Gene expression data were sourced from the Genomic Data Commons (GDC) portal1. The analysis focused on Transcriptome Profiling, specifically Gene Expression Quantification, processed using the STAR - Counts workflow. The TCGA-KIRP project (Kidney Renal Papillary Cell Carcinoma) was chosen for analysis, meanwhile patients were selected based on the availability of both cancer and normal tissue files. Gene expression data were downloaded using the GDCquery function, and subsequent preparation was done with GDCprepare. Two sets of data were obtained: one for primary tumor samples and another for solid tissue normal samples and then combined and labeled appropriately using the DESeq2 package in R. This approach included a critical filtering step to retain genes with significant expression across most samples. Normalization was then conducted to mitigate technical variations. The final step involved separating and refining the normalized data for clear differentiation between cancerous and normal samples, ensuring robust and reliable inputs for the subsequent stages of our analysis

Differentially Expressed Genes (DEGs)

In our first analysis we applied specific thresholds to identify genes of interest with robust changes in expression levels, so to visualize the differentially expressed genes. We established a fold change threshold of $1.2$ on a $\log_2$ scale, which means that a gene’s expression must at least double or halve to be considered significantly different in order to be significant. Moreover, we set an adjusted p-value threshold of $0.05$ to control for false discovery rates in multiple testing.

Co-expression Networks

In our co-expression network analysis we focused exclusively on differentially expressed genes (DEGs). We computed both Pearson and Spearman correlation coefficients for each gene pair among the 97 DEGs identified.

  • Pearson $\rho = \frac{\sum (x_i - \bar{x})(y_i - \bar{y})}{\sqrt{\sum (x_i - \bar{x})^2}\sqrt{\sum (y_i - \bar{y})^2}}$

  • Spearman $\rho = 1 - \frac{6 \sum d_i^2}{n(n^2 - 1)}$

The resulting correlation matrices were used to construct binary adjacency matrices, with a threshold of $\rho_{th} = 0.675$ for both Pearson and Spearman coefficients, determining edge connections. The degree of each gene within these networks was calculated as the sum of its connections to other genes.

Differential Co-expressed Network

In this study, we employ the Fisher z-transformation to stabilize variances in correlation values between cancer and normal conditions of gene expression data, thresholding Z-scores calculated for gene pairs by comparing correlations in both conditions.

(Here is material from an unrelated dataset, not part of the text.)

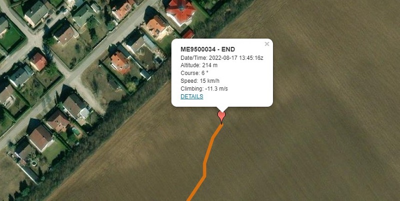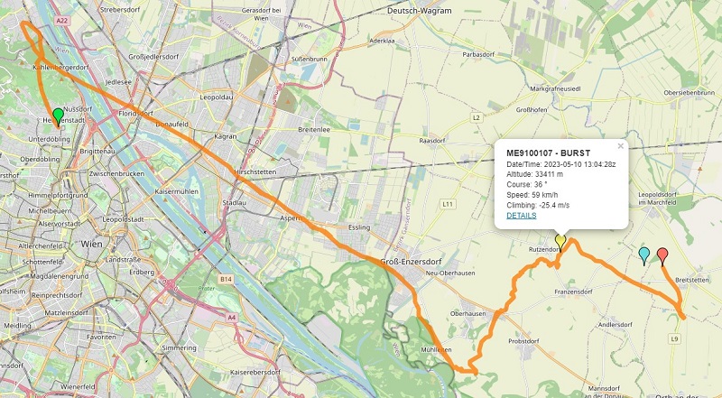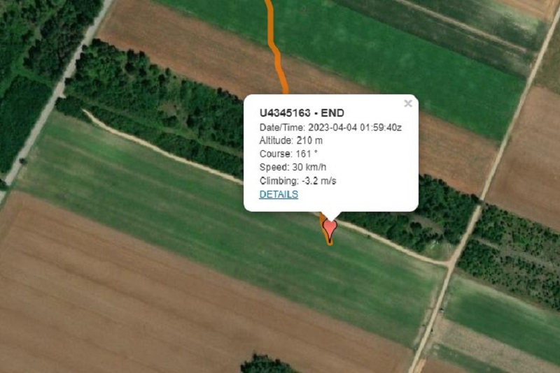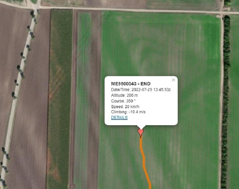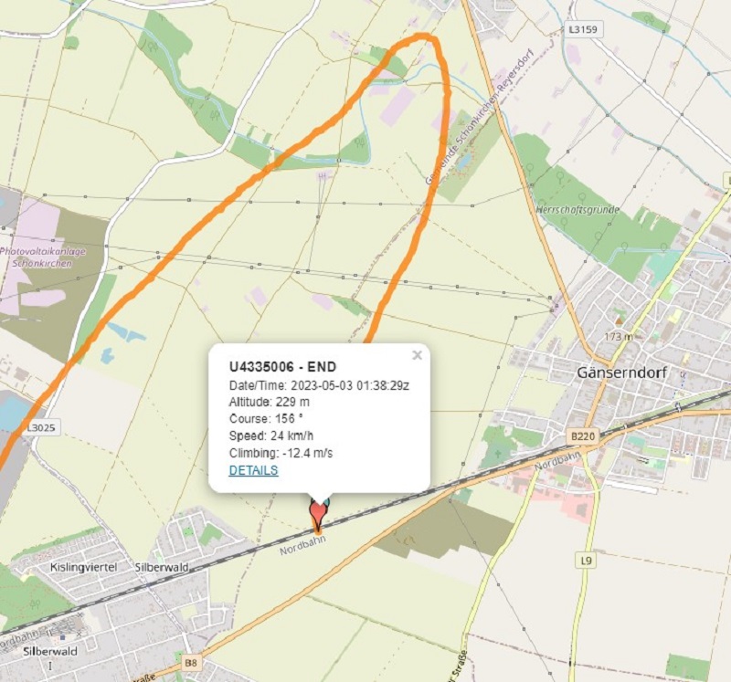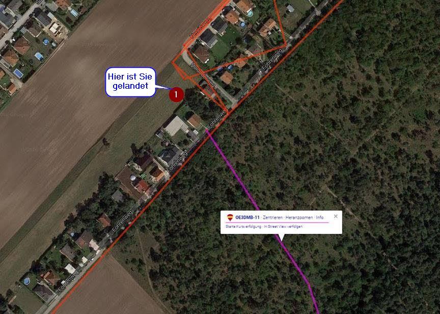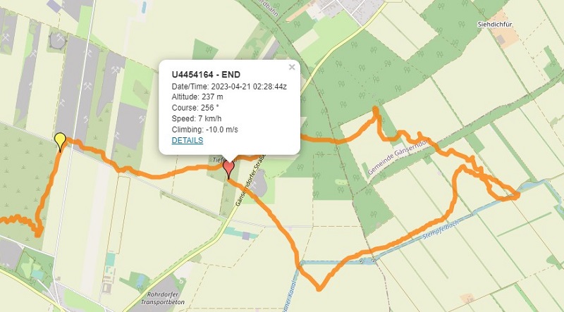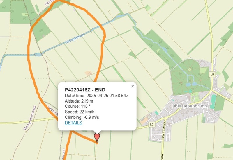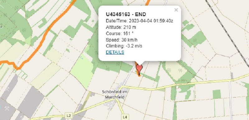 Flugspur mit letzter Position in 596m Höhe. Landehöhe 123m. Bis Boden

$$ Z = \frac{z_1 - z_2}{\sqrt{\frac{1}{n_1 - 3}} + \frac{1}{n_2 - 3}} $$

Correlations with absolute z-scores under 3 are considered insignificant and set to 0; others are set to 1. A differential co-expressed network is constructed and computing the top 5% nodes with the highest degrees identifies hubs across different networks and correlation methods.

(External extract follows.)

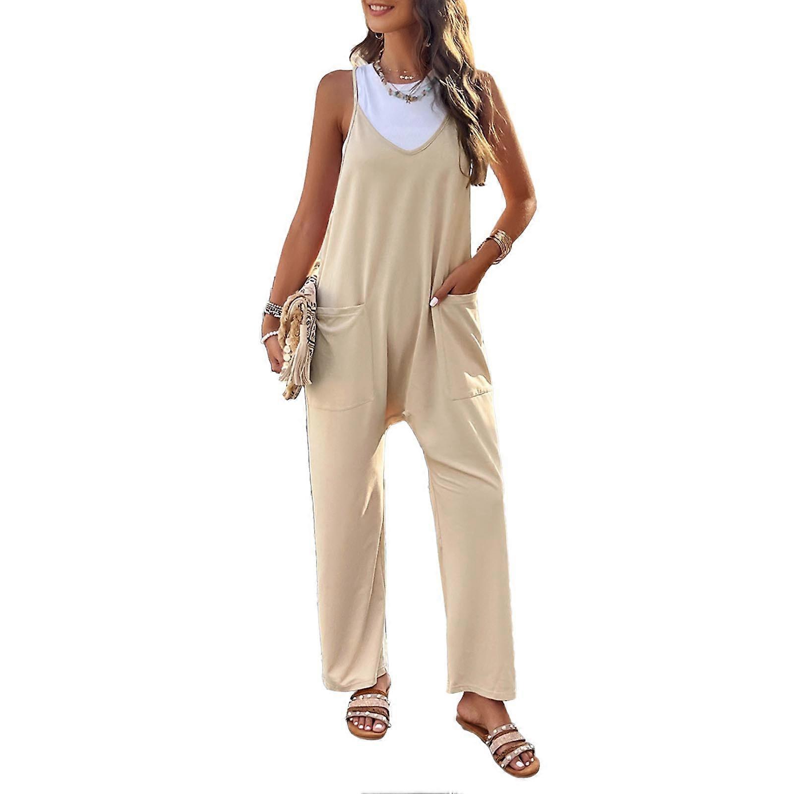 Women Spaghetti Strap Jumpsuit Loose Fit Casual V Neck Wide Leg Sleeveless Overalls with Pockets Apricot S

Network Type Correlation Method Hub Genes
Cancer Pearson ASPM 1, ASF1B, KIF11 2, CEP55, CCNB2 2
Normal Pearson PXDN, PLXNC1, FLT1, KDR, SLC16A9
Cancer Spearman CCNB2, ASPM, BUB1B, KIF11 2, RRM2
Normal Spearman SLC16A9, PTTG1, PLXNC1, KDR, FLT1
Differential Pearson AK4, LRRC20, FLT1, CCND2, RAPGEF4
Differential Spearman CCND2, RAPGEF4, FLT1, BUB1B, RRM2
Metric Hub Genes
Degree ASPM 1, ASF1B, KIF11 2, CEP55, CCNB2 2
Closeness ITGA3, BRCA1, SNAI2, HGF, FAS
Betweenness CHEK1, CTSZ, PLXNC1, KIF11 2, PTTG1 2

Examining the hub genes (Table 1) we notice any overlap between cancer, normal and differential network, indicating that most hubs are condition-specific, reflecting the distinct processes and regulatory mechanisms that are active in cancerous versus normal states. On the other hand the hubs are almost the same within the network type but different correlation method, it means certain genes maintain central roles even changing correlations but not across conditions. Moreover, Table 2 shows the importance of the metric chosen since with different ones we find different hubs.

Patient Similarity Network (PSN)

We computed the Euclidean distance matrix for all significant genes in the cancer gene expression profile then converted to a similarity matrix, where similarities were normalized and inversed and diagonal elements set to zero to eliminate self-similarity. The PSN was constructed using it as adjacency matrix representation, ensuring that edge weights were accounted for in the network construction. For community detection within the PSN, we first identified the largest component and then focused on it for subsequent analysis applying the Louvain algorithm to detect communities. The PSN was visualized with an emphasis on community structure employing a force-directed layout to ensure that nodes belonging to the same community were positioned closer together

Results and Discussion

Volcano plot of DEGs

The volcano plot depicted in Figure 1 visualizes differentially expressed genes stratifying them by potential biological significance from those with less important expression changes.

Volcano Plot

Down regulated: red points, before the first vertical line and above the horizontal line. Genes with negative fold change (fc ≤ -fc.threshold) and a low adjusted p-value (pval.fc.fdr), they are significantly reduced compared to the reference conditions. Not expressed: between the two vertical lines or under the horizontal line. Genes not meet the fold change and p-value criteria to be considered differentially expressed. UP regulated: blue points to the right of the second vertical line and above the horizontal line. Genes with positive fold change (fc ≥ fc.threshold) and a low adjusted p-value, they are significantly increased compared to the reference conditions.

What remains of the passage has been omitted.